Intervention de Bruno Acar

Délégation aux Collectivités territoriales et à la décentralisation — Réunion du 27 mai 2021 à 9h35
Audition de M. Bruno Acar inspecteur général de l'administration chargé en 2020 d'un rapport pour le ministre de l'intérieur et la ministre en charge des collectivités territoriales sur « l'évaluation des politiques partagées entre l'état et les collectivités territoriales »

Bruno Acar, inspecteur général de l'administration :

Concernant le rôle des régions, je précise que notre rapport ne prévoit pas que celles-ci évaluent les politiques publiques partagées impliquant d'autres collectivités. Nous constatons simplement que les expertises disponibles sur un territoire (comme les services d'évaluation ou les chargés de mission) se trouvent principalement au sein des collectivités régionales. Nous estimons par conséquent que la région doit aider les autres collectivités à développer cette expertise. Cette suggestion découle du constat d'une hétérogénéité de la ressource, celle-ci se concentrant aujourd'hui dans les grandes collectivités comme les régions, certains départements, voire certaines métropoles. L'idée est donc la suivante : la région recenserait ces ressources avec l'appui du Centre national de la fonction publique territoriale (CNFPT) et de ses délégations territoriales, puis ces ressources seraient mises à la disposition des collectivités intéressées.
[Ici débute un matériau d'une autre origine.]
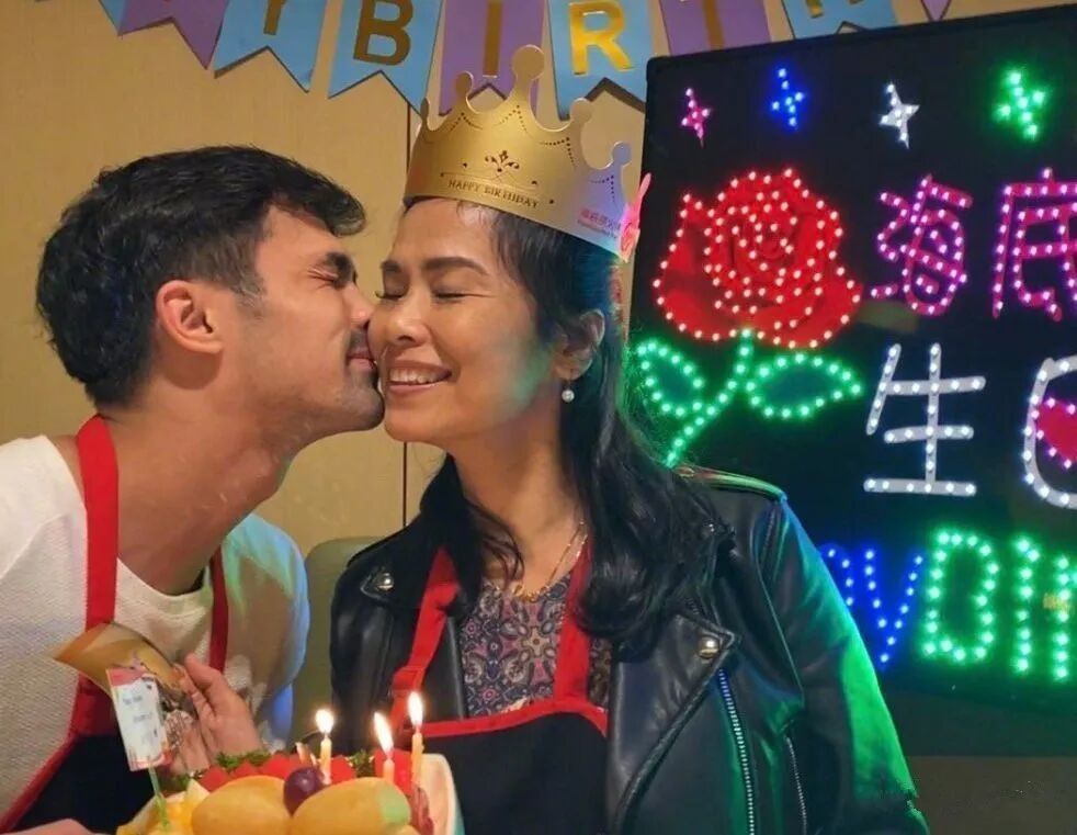 这次应该是她在过生日,可以看到整个人笑得比较的开心,但是脸上也是完全没有化妆感觉显得整个人还是比较接地气的那一种,里面是穿着一条碎花裙,颜色比较深外面搭配了一件皮革外套,还是比较的干净利落的

La dimension relative au partage des compétences entre les collectivités est souvent prise en compte dans les évaluations de politiques partagées. Tel est systématiquement le cas au niveau des inspections générales et au niveau territorial, même s'il est parfois plus délicat pour les collectivités de suivre cette approche globale. Ainsi, nous ne manquons pas de formuler des observations sur le fait que le jeu des acteurs, l'articulation du rôle de chacun peuvent poser un certain nombre de difficultés qui pourraient justifier des évolutions institutionnelles. Malheureusement, ces propositions ne font pas l'objet d'un véritable suivi et ne sont pas exploitées.

Les citoyens ont effectivement vocation à être associés à l'évaluation des politiques publiques locales partagées. Cette évaluation de proximité offre en effet l'occasion de développer des approches innovantes permettant d'associer les citoyens. Un certain nombre de collectivités ont mis en place des dispositifs tout à fait intéressants dans ce domaine, comme Grenoble, Toulouse et Nantes. La presse professionnelle s'en est d'ailleurs fait l'écho. Ces collectivités ont adopté des méthodes très diverses : questionnaire, suivi d'un panel, conférences de consensus, jurys citoyens, etc. Toutefois, je partage totalement votre constat : de telles approches restent insuffisamment développées ou valorisées.
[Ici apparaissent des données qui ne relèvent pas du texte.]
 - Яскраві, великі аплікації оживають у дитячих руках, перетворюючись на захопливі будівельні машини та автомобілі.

Ce sujet soulève également des questions complexes de « distanciation ». En effet, l'évaluation implique un certain recul par rapport aux politiques menées. Il faut par conséquent veiller à ce que les citoyens associés à cette évaluation ne soient pas directement concernés par celles-ci. Comment peut-on parvenir à recréer cette distance, à assurer la maîtrise technique nécessaire ou encore à identifier les responsabilités ?

On constate donc un certain nombre de problèmes méthodologiques. Cependant, cette association des citoyens me paraît être un élément incontournable. Je crois que les collectivités, tout comme l'État, voire davantage, sont très sensibles à cette préoccupation.